Gostava de te falar onde me confundes os sentidos. Sempre que tento dizer-te algo, esse teu olhar, esses teus lábios roubam-me as palavras e apenas consigo beijar-te. E calo-me!
Gostava que entendesses que todo o eu que se te apresenta pela frente, treme, esperneia, falha, desfalece e rejubila só pela presença no mesmo espaço. Pela mera possibilidade de te ter, uma e outra e outra vez, agarrado em mim, preso em mim, com esses braços enleados e esses lábios colados nos meus, esse corpo sendo apenas meu!
Sabes, por vezes vou pela rua e em todas as silhuetas estás tu, em todos os reflexos está o teu corpo, em cada manequim de loja, está o teu rosto. Sim, até nesses meros cabides de corpo feitos, eu consigo ver-te. Estás em tudo o que me rodeia, e não estás aqui!
Não te consigo fazer entender que cada corpo me lembra o teu mas num olhar mais atento mais uma desilusão pois não és tu. Tu és sempre muito melhor!
Consegues entender esta minha confusão de ideias que se alastra às palavras? Pois!

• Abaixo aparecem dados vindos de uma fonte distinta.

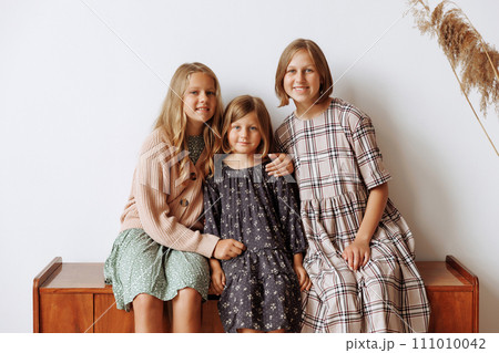 Three young girls, sisters embracing affectionately
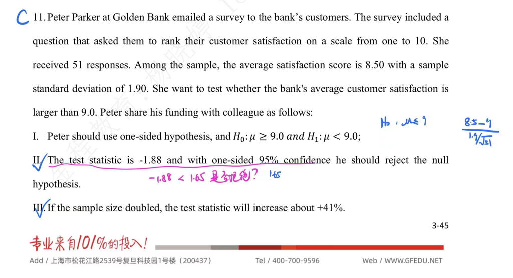 那老师您看这道题 密卷第11题 第二条描述检验值是负数,关键值是正数的1.65,单尾检验,理论上不应该拒绝啊,为啥会拒绝呢?请解释下,谢谢
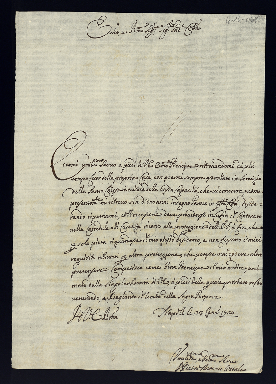 1720. Gennaio. Lettere di complimento e di negozio. Semestre primo
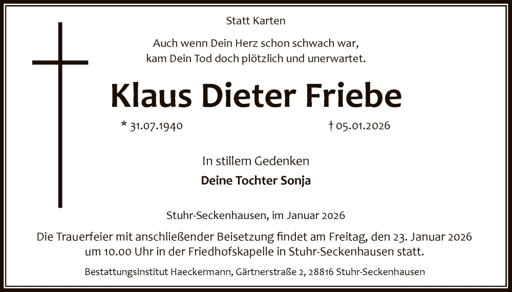 Hier finden Sie alle Traueranzeigen aus der Zeitung, die bisher für Klaus Dieter Friebe erschienen sind. Weitere Traueranzeigen, die in der Zeitung erscheinen, werden hier ebenfalls aufgelistet
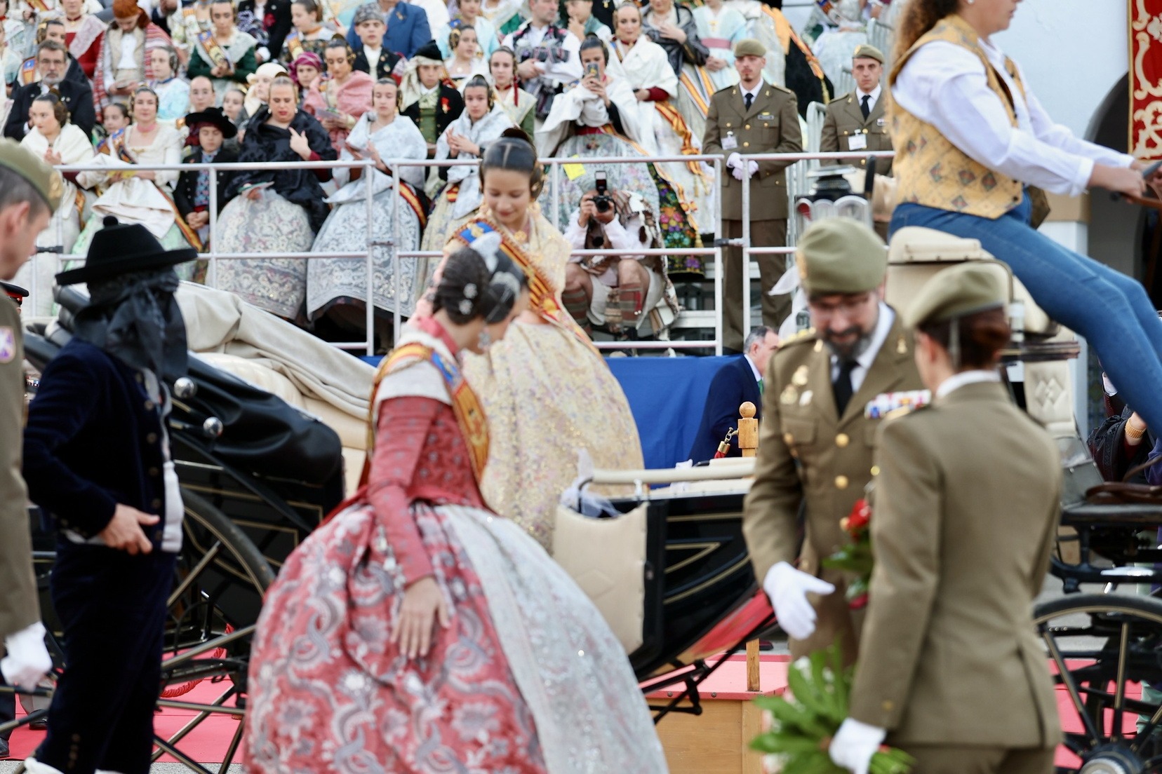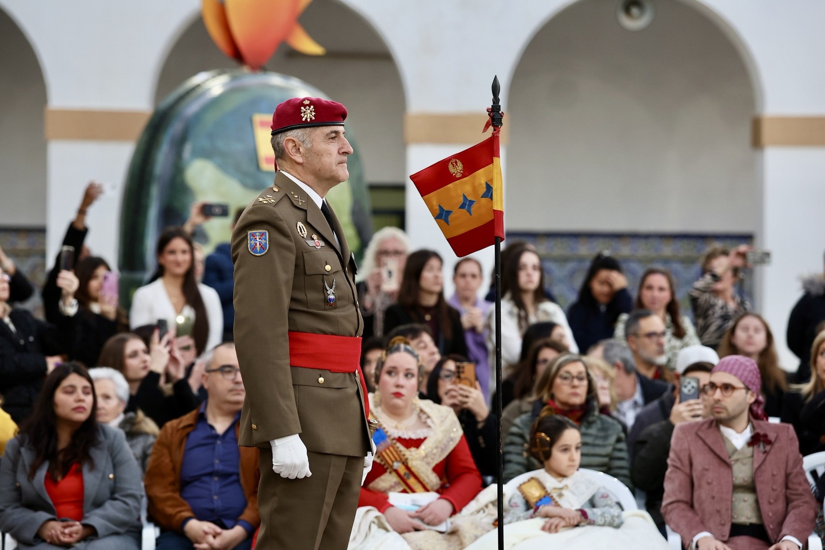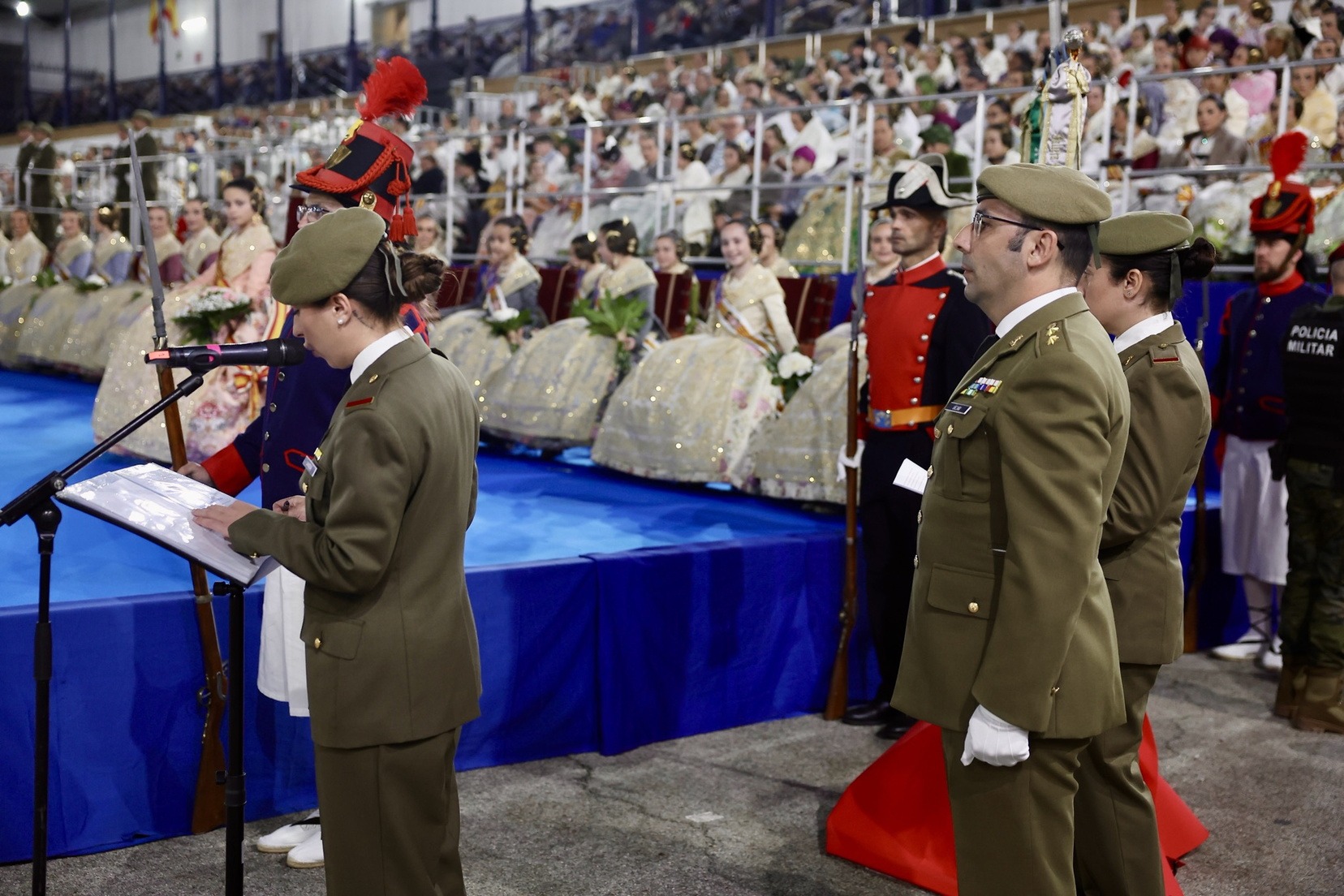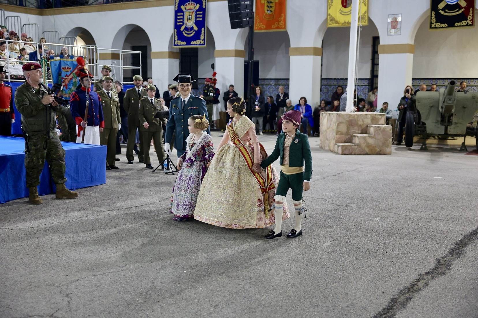 Las Falleras Mayores de Valencia, Carmen Prades y Marta Mercader, junto a sus Cortes de Honor, han llegado en carruaje, tal y como es tradicional, y tras ser recibidas por el Teniente General del Cuartel General Terrestre de Alta Disponibilidad, Luis Sáez Rocandio, han presidido junto a él este solemne homenaje que una vez más ha contado con la presencia de numerosas autoridades civiles y militares.
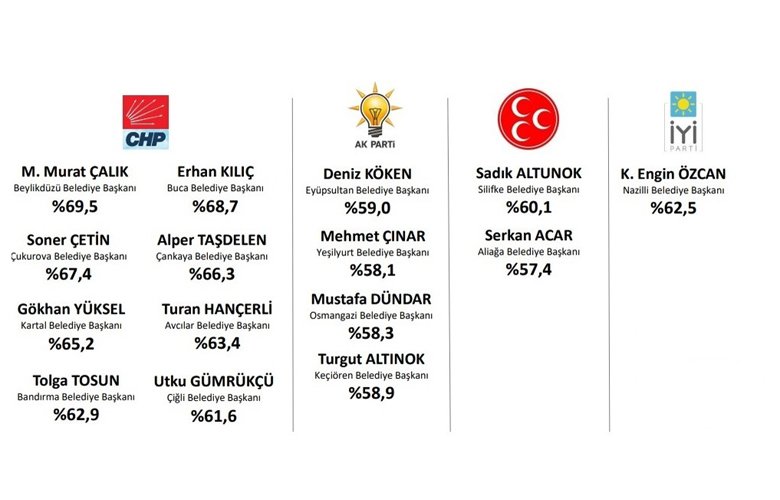Açıklanan verilere göre, Cumhuriyet Halk Partili Belediye büyükşehir belediye başkanları oylarını arttırırken AKP’li başkanların gerilediği görüldü. Araştırmada en fazla oy oranını arttıran başkan yüzde 36,1’den yüzde 53,3’e yükselen Muğla Büyükşehir Belediye Başkanı CHPli Osman Gürün olurken, en fazla oy kaybı yaşayan AKP’li başkan ise yüzde 60,8’den yüzde 45,3’e gerileyen Şanlıurfa Büyükşehir Belediye Başkanı Zeynel Abidin Beyazgül oldu.
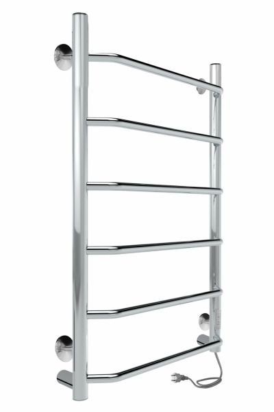 Универсальное изделие - предусматривает подключение через прямой провод, который переставляется на нужную вам сторону или скрытое подключение без покупки дополнительного переходника. Длина провода 1,1 метра. Полированный полотенцесушитель подходи под любой интерьер ванной комнаты, отлично сочетается с хромированной сантехникой.
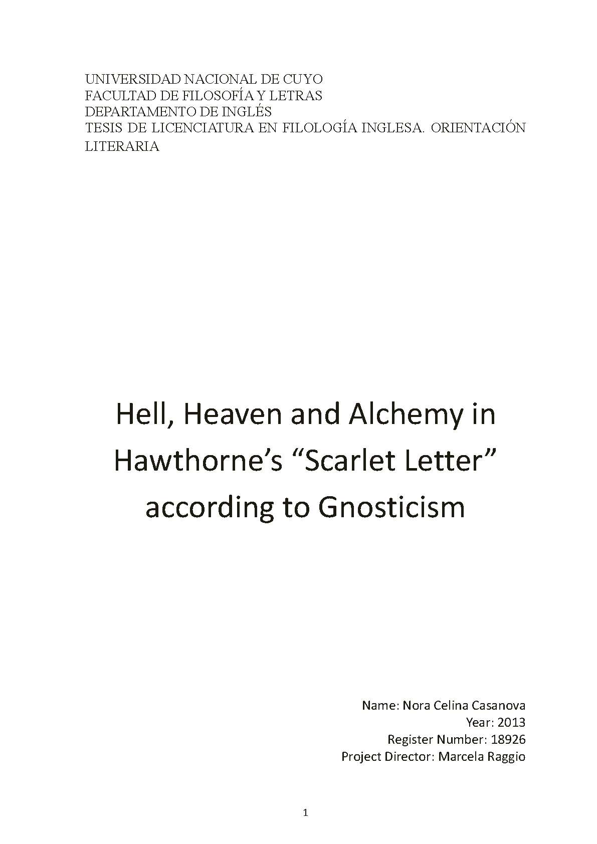 Hell, Heaven and Alchemy in Hawthorne’s “Scarlet Letter" according to Gnosticism
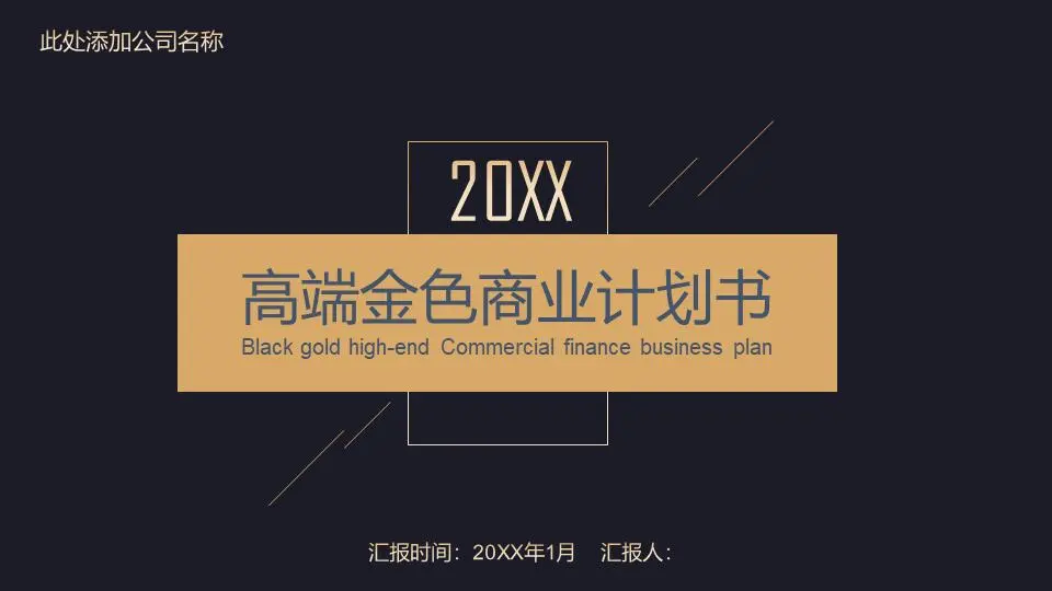 幻灯片模板封面,使用了简洁黑色背景,金色方框与斜线进行构图设计。在细线方框中间,填写商业融资计划书PPT标题。幻灯片模板界面设计精致实用,有非常浓郁的商业气息。

Calculei que seria confuso, mas é como me deixas, confuso, sempre que não estás e eu tenho que sobreviver sem te ter junto a mim.
Se ao te ter fico à toa e sem ti fico à nora, espero que pelo menos tu tentes entender que apenas acontece tipo, talvez, tipo, sei lá, tipo, porque TE AMO (sim, maiusculamente e aos berros)!
Porque o Amor é assim: confuso, confundido, confusão!